# PROBLEM STATEMENT
Output the full listing below exactly as it reads, and skip anything that is a picture.

# DATASET CONTENT
________________________

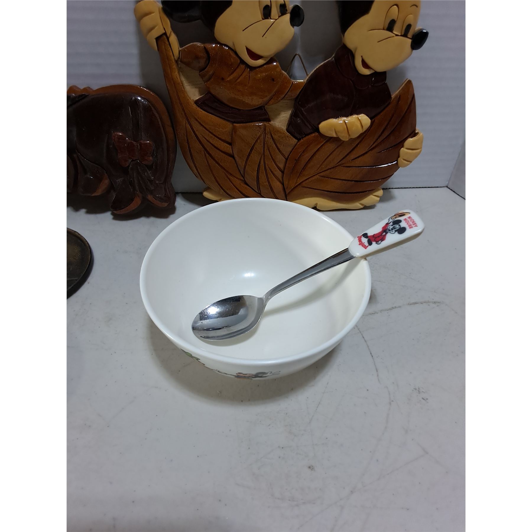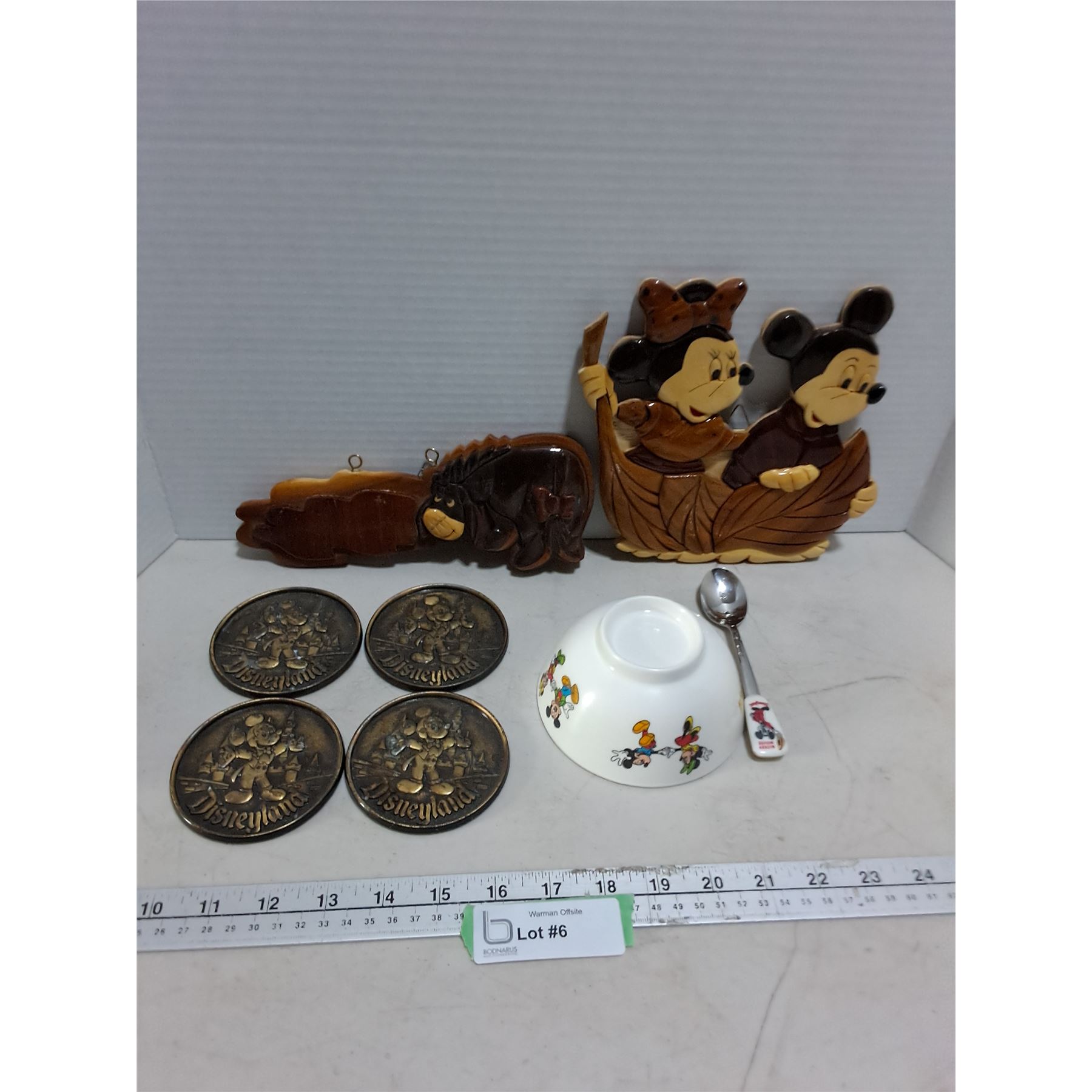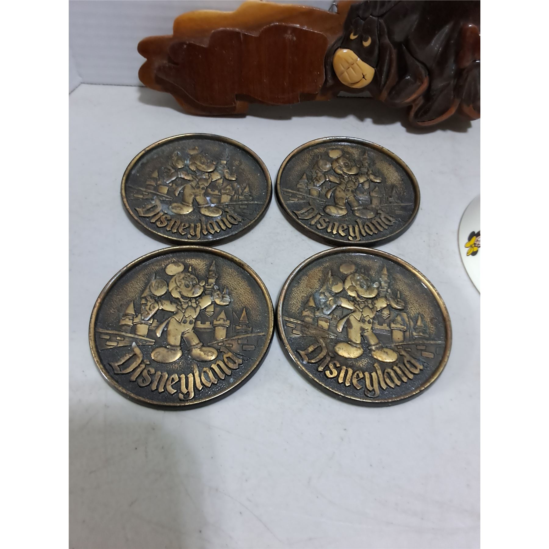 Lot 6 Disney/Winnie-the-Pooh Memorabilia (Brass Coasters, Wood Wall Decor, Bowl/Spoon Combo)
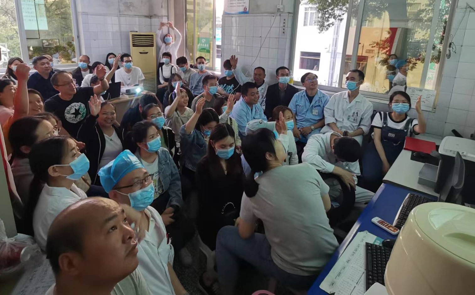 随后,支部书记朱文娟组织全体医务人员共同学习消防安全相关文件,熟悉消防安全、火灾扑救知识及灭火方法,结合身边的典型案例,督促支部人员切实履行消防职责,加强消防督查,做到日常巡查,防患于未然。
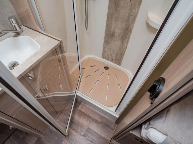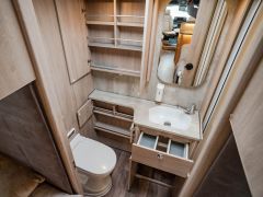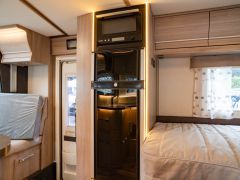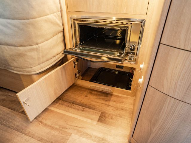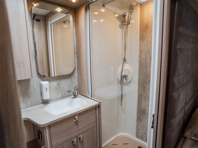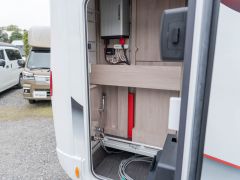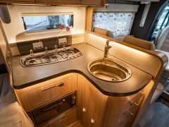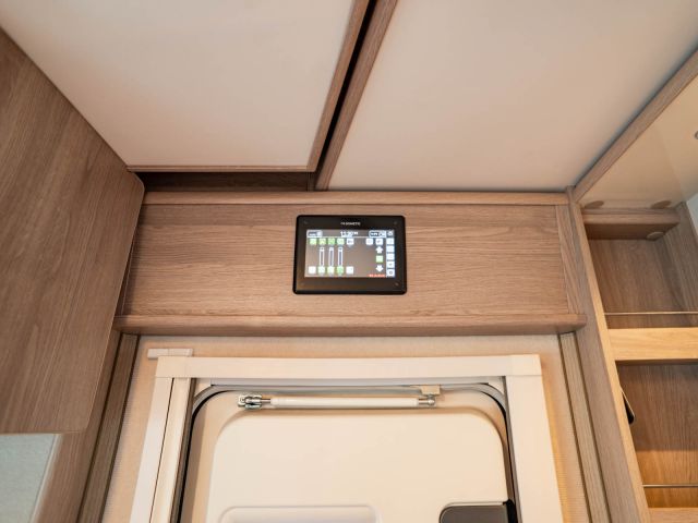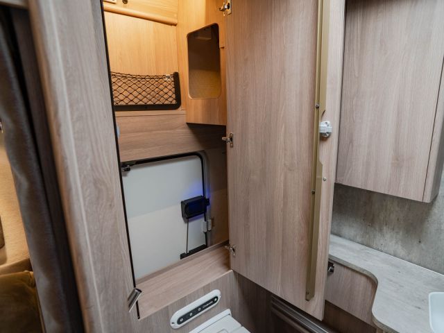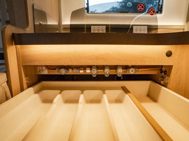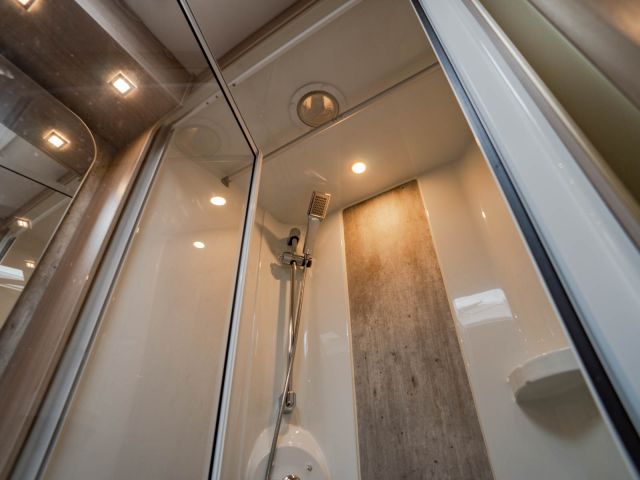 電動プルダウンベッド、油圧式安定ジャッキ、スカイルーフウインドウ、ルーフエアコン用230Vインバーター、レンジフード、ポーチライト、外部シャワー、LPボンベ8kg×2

________________________

# WRITTEN SOLUTION
 Lot 6 Disney/Winnie-the-Pooh Memorabilia (Brass Coasters, Wood Wall Decor, Bowl/Spoon Combo)
 随后,支部书记朱文娟组织全体医务人员共同学习消防安全相关文件,熟悉消防安全、火灾扑救知识及灭火方法,结合身边的典型案例,督促支部人员切实履行消防职责,加强消防督查,做到日常巡查,防患于未然。
 電動プルダウンベッド、油圧式安定ジャッキ、スカイルーフウインドウ、ルーフエアコン用230Vインバーター、レンジフード、ポーチライト、外部シャワー、LPボンベ8kg×2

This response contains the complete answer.